▶ **Problem**: Skip the pictures and write out, word for word, the lines below from the one with "110301027 bkmamlab 一次性塑料圓形培養(yǎng)皿" through the one with "Choose the desired", inclusive.

▶ **Source data**:
• • • • •
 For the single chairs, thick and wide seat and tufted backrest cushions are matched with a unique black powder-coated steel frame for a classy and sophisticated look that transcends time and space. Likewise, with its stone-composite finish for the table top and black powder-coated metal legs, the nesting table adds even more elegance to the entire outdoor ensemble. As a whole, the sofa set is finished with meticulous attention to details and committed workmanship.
• • • • •
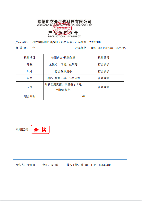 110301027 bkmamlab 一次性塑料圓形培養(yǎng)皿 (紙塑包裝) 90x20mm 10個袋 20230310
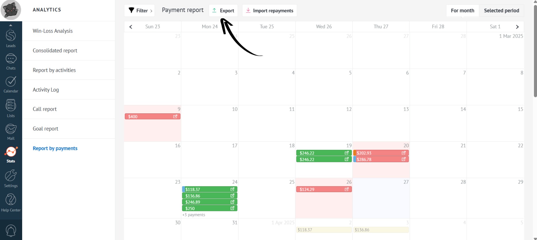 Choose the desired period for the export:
• • • • •
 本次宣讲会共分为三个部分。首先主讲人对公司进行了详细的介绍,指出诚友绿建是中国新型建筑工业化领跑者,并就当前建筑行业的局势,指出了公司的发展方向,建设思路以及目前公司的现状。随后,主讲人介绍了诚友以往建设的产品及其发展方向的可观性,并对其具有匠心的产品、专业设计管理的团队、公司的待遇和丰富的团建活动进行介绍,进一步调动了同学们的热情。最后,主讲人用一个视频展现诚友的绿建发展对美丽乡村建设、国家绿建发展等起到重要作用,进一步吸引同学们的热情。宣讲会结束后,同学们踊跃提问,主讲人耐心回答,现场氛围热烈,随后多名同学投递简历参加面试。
• • • • •
▶ **Task solution**:
 110301027 bkmamlab 一次性塑料圓形培養(yǎng)皿 (紙塑包裝) 90x20mm 10個袋 20230310
 Choose the desired period for the export:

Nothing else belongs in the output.